(DESCRIPTION OF THE TASK):
The response should consist of every line below, restated exactly, with no pictures.

(DATASET SECTION):
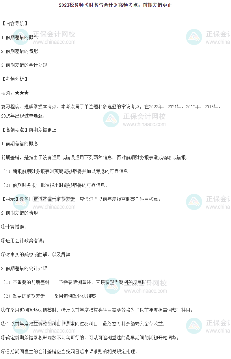 2023年税务师备考正在进行中,网校为各位考生整理了2023年税务师考试《财务与会计》第十七章的高频考点——前期差错更正,正在复习的同学快来查收!
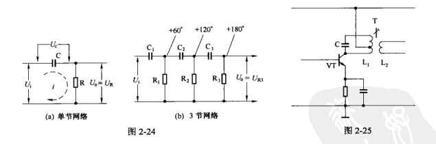 在0-90度,由R、C的比值決定。當需要的相移角超過90度時,可用多節移相網絡來實現。圖2-24(b)所示為3節RC移相網絡,每節移相60度,3節共移相180度。
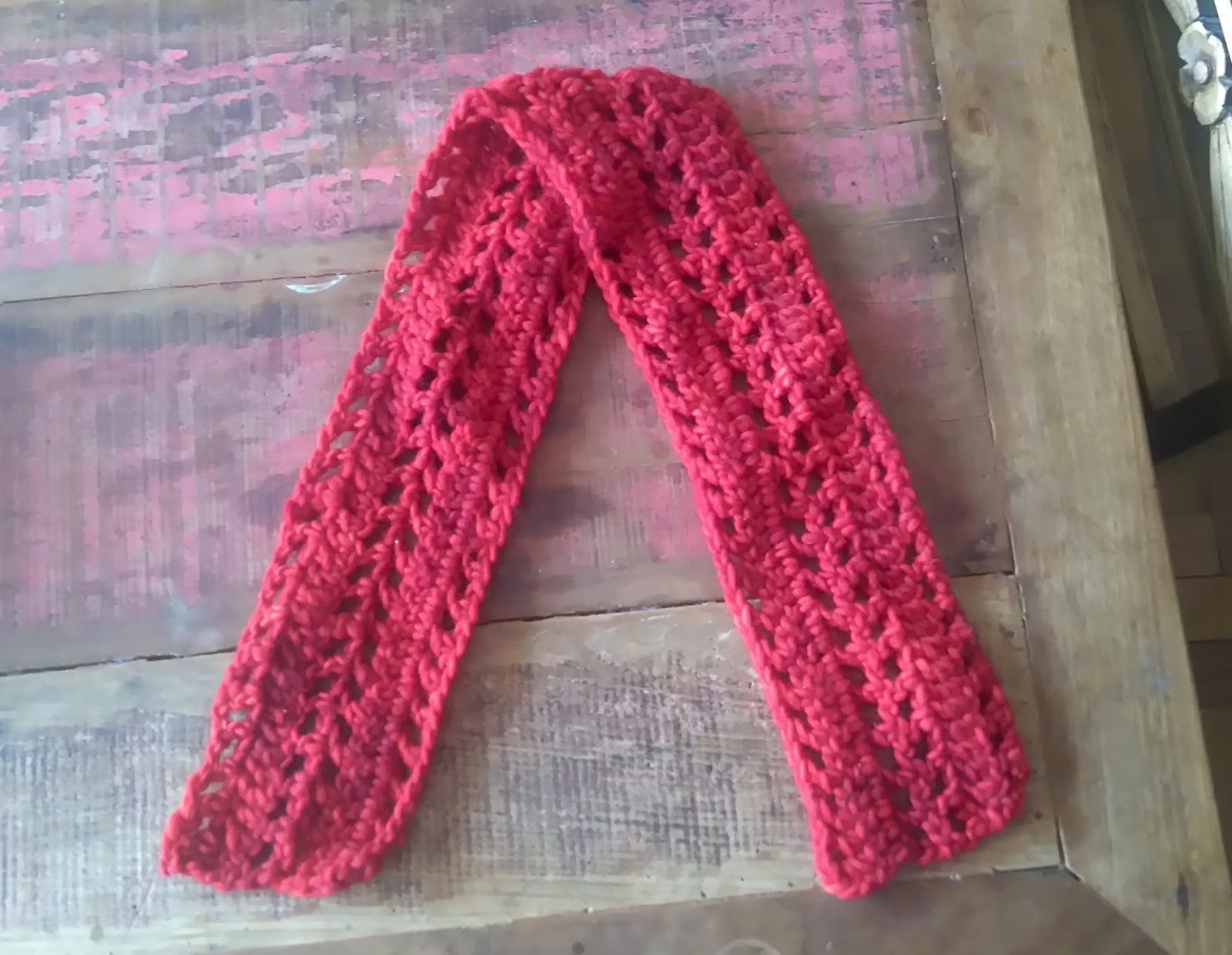 Não segui nenhuma receita, fui fazendo de cabeça: uma carreira de ponto alto, a carreira seguinte de pontos altos intercalados por uma correntinha, para dar mais leveza e flexibilidade ao cachecol.

(ANSWER SECTION):
 2023年税务师备考正在进行中,网校为各位考生整理了2023年税务师考试《财务与会计》第十七章的高频考点——前期差错更正,正在复习的同学快来查收!
 在0-90度,由R、C的比值決定。當需要的相移角超過90度時,可用多節移相網絡來實現。圖2-24(b)所示為3節RC移相網絡,每節移相60度,3節共移相180度。
 Não segui nenhuma receita, fui fazendo de cabeça: uma carreira de ponto alto, a carreira seguinte de pontos altos intercalados por uma correntinha, para dar mais leveza e flexibilidade ao cachecol.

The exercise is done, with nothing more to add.